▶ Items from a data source
★ ★ ★ ★ ★

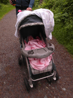 No luck. So anyways, she was pretty good. She still won’t take from anything but Boobie so no milk and she didn’t want her pureed carrots so she fussed a bit. They went for walks and played on the neighbor’s trampoline and all in all had a great time.
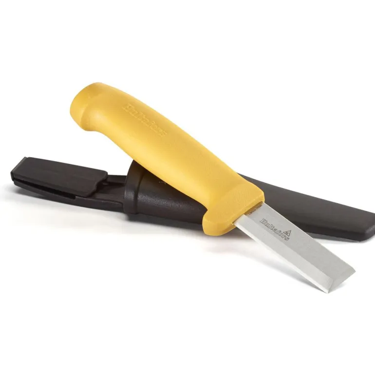 Tehokas V-teroitettu puukko talttatoiminnolla. Ainutlaatuisen kiinnitysmekanismin ansiosta tuppi ei irtoa vahingossa työvaatteen napista, vaikka se on tarvittaessa helppo irrottaa.
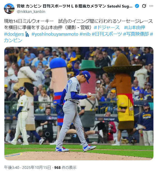 … | 660無念Nameとしあき25/10/15(水)20:05:21No.1358963061+ドジャースは試合の合間に謎のマスコットレースやらないのか? |
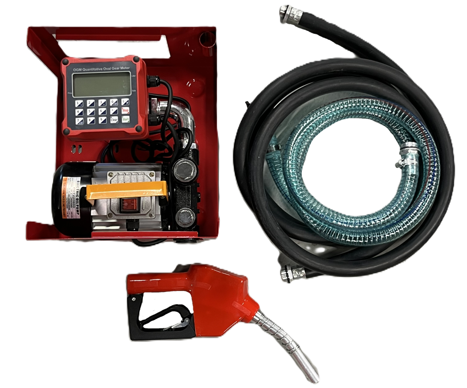 Transfer pomp 230 V voor diesel met automatisch pistool en digitale meter.
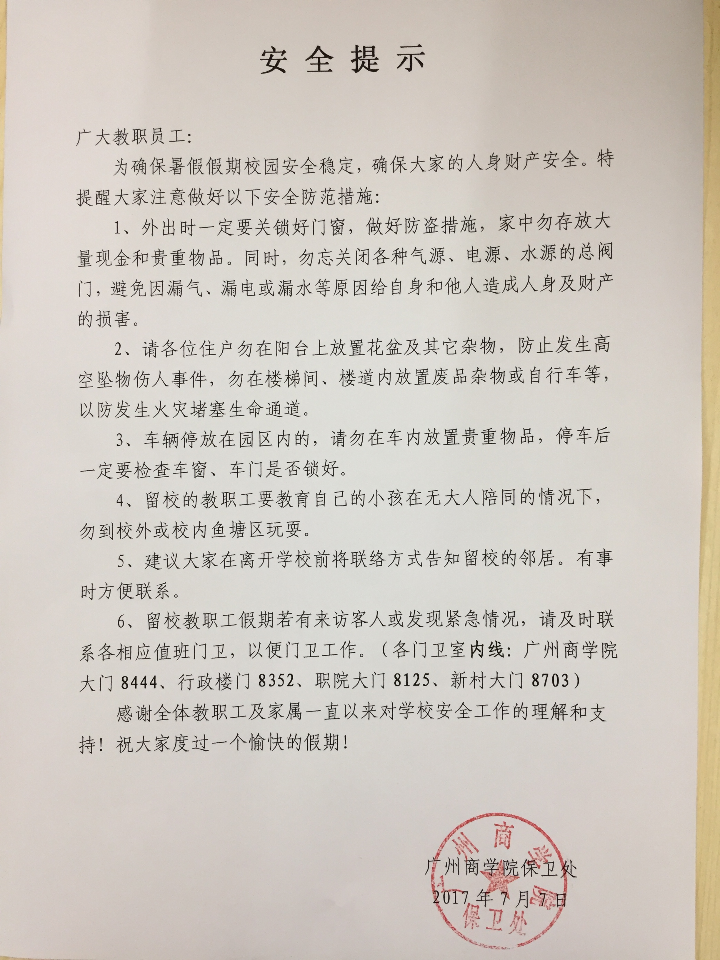 暑假安全提示
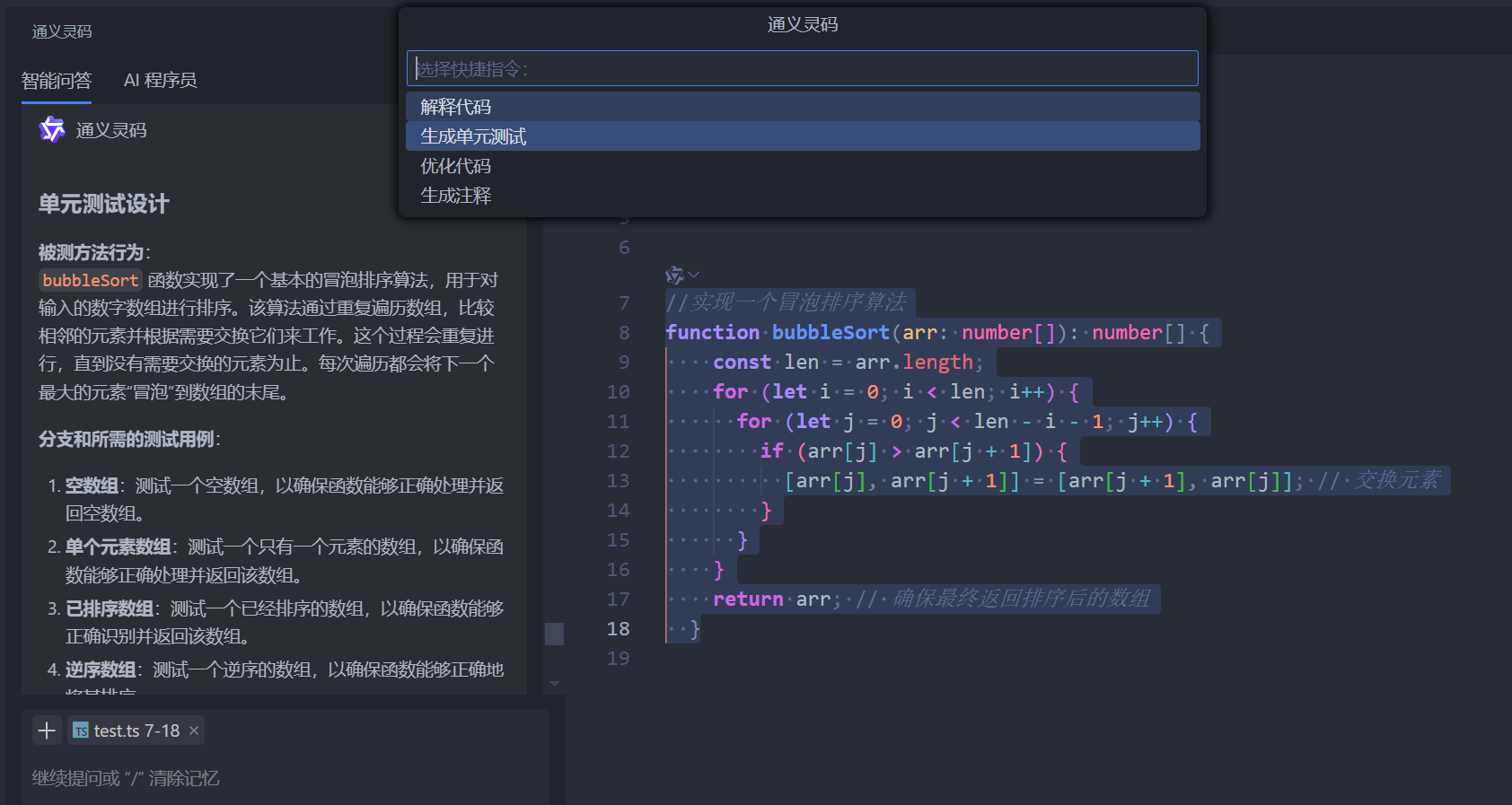 通义灵码甚至还能贴心地生成对应的测试代码:

★ ★ ★ ★ ★

▶ How to complete this task
The data above needs to be retyped exactly, with the images left out.

▶ Exercise response
 No luck. So anyways, she was pretty good. She still won’t take from anything but Boobie so no milk and she didn’t want her pureed carrots so she fussed a bit. They went for walks and played on the neighbor’s trampoline and all in all had a great time.
 Tehokas V-teroitettu puukko talttatoiminnolla. Ainutlaatuisen kiinnitysmekanismin ansiosta tuppi ei irtoa vahingossa työvaatteen napista, vaikka se on tarvittaessa helppo irrottaa.
 … | 660無念Nameとしあき25/10/15(水)20:05:21No.1358963061+ドジャースは試合の合間に謎のマスコットレースやらないのか? |
 Transfer pomp 230 V voor diesel met automatisch pistool en digitale meter.
 暑假安全提示
 通义灵码甚至还能贴心地生成对应的测试代码:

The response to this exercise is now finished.